Interface control with layer-by-layer assembled ionic polymers for efficient low-temperature dye-sensitized solar cells

Abstract

Herein we report a novel method for fabricating highly efficient dye-sensitized solar cells (DSCs) at low temperature (<150 °C). The ionic polymers of poly(allylamine hydrochloride) (PAH) and poly(sodium 4-styrenesulfonate) (PSS) were layer-by-layer deposited as an interfacial layer (IL) on the FTO substrate, before the nanoporous TiO₂ layer was coated by a typical doctor-blade method.
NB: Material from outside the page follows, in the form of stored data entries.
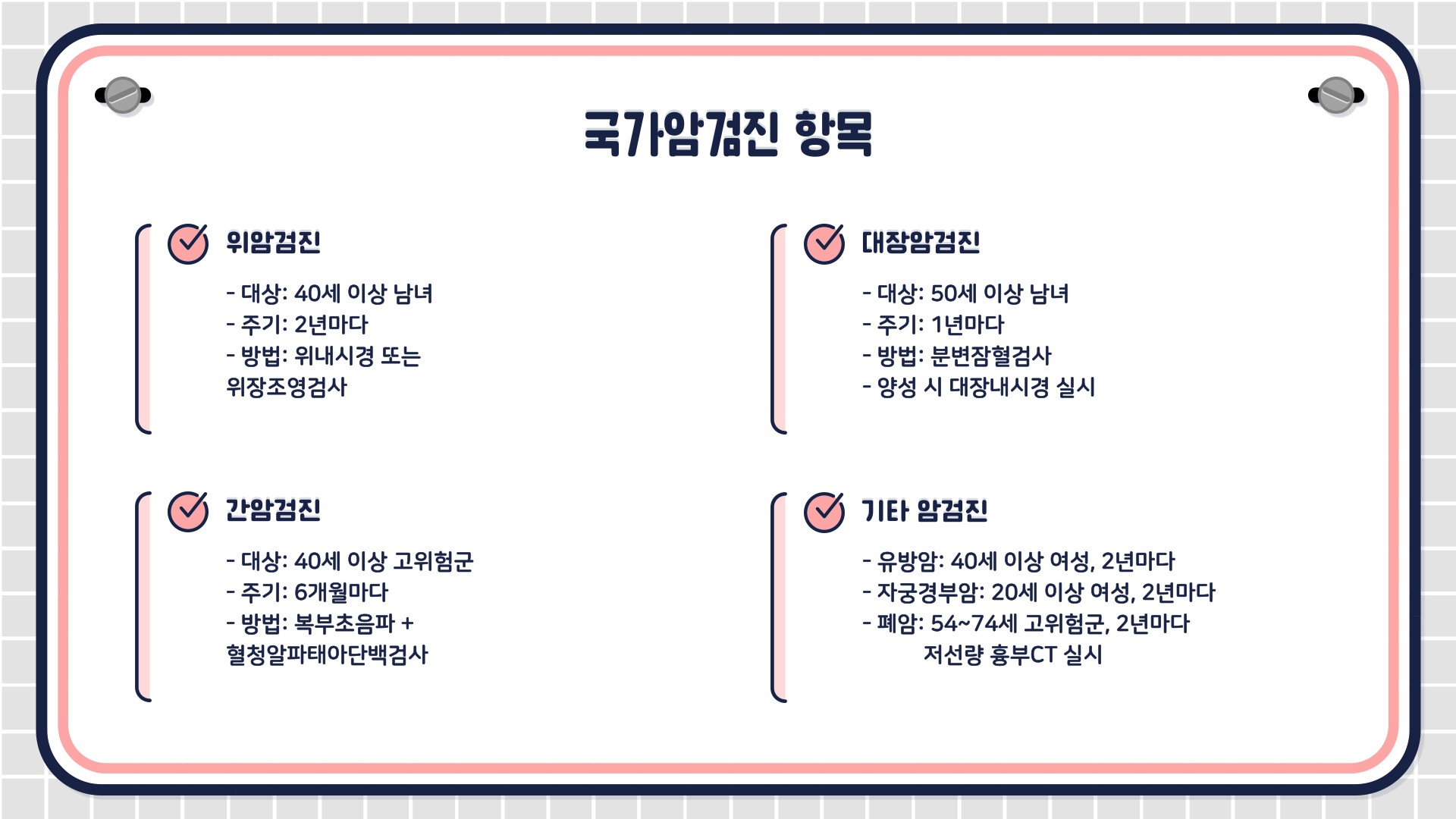 - 위암검진: 40세 이상 남녀, 2년마다 위내시경 또는 위장조영검사
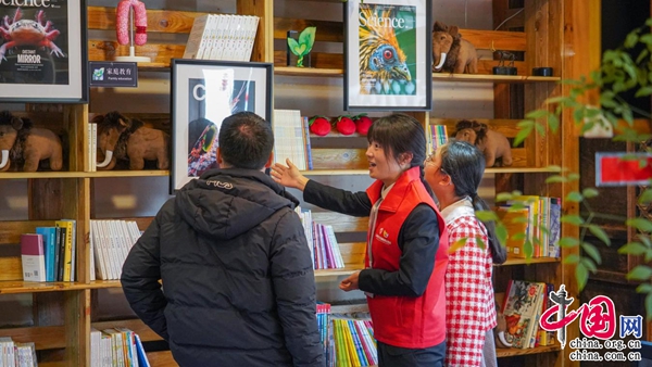“大家好,歡迎來到尹哥書房。”“讓生命科學(xué)流行起來,尹哥書房是以科學(xué)書籍為主的公益科普書房,是華大集團(tuán)CEO尹燁與云南柏聯(lián)和順旅游文化發(fā)展有限公司聯(lián)合共建的……”春節(jié)期間,文旅志愿者王丁丁正耐心細(xì)致地講解尹哥書房。
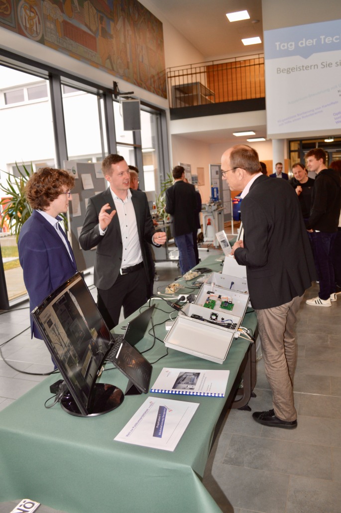 Darüber hinaus bot die Veranstaltung auch die Gelegenheit mit Industrieunternehmen aus der Region ins Gespräch zu kommen. Die Firmen, die selbst zugeben mussten, dass sie bisher selbst noch wenig bis keine KI-Systeme im Einsatz haben, waren überrascht, dass Nördlingen nun eine so zukunftsweisende Fachrichtung anbietet. Sie überlegten, in welchen Unternehmensbereichen sie diese Techniker/-innen in zwei Jahren einsetzen können.
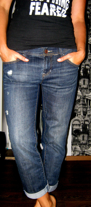 Джинсы НьюЙорке. Модель "бой-френд", длина 7/8. Размер 29, Но в реале на размер-полтора больше, т.к. джинса с хорошим стрейчем. По поясу 90см. Долго искала такие джинсы. но стали быстро большими. Даже ремень не помогает. Состояние отличное. цена 500р
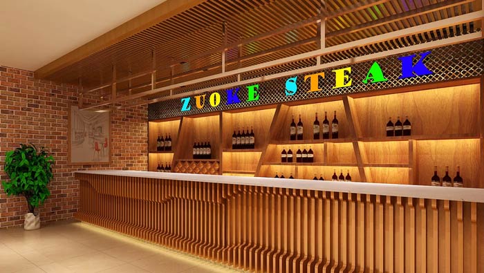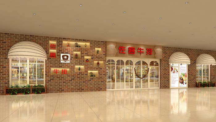 牛排西餐廳外立面裝修設計:牛排是餐廳的主打餐品,故此設計師在設計中,將牛排二字特意提出,目的就是在于強調餐廳的屬性,讓客戶知道這里的餐品是什么,而不是一概而論。

The presence of ultrathin (PAH/PSS)_n IL created excellent adhesion of the TiO₂ layer to the FTO substrate, leading to efficient transport of photo-injected electrons from TiO₂ to FTO, as well as blocking the back-transport reaction from FTO to I₃⁻. As a result, the fill factor (FF) was remarkably increased from 0.709 to 0.783, with a significant increase of the open circuit voltage (V_oc) from 760 to 803 mV and the short circuit current (J_sc) from 8.078 to 8.768 mA cm⁻², leading to the improvement of the photovoltaic conversion efficiency (η) from 4.41 to 5.52%. With optimization of the TiO₂ electrode structure, η of the DSC fabricated at 140 °C was enhanced to 7.14%.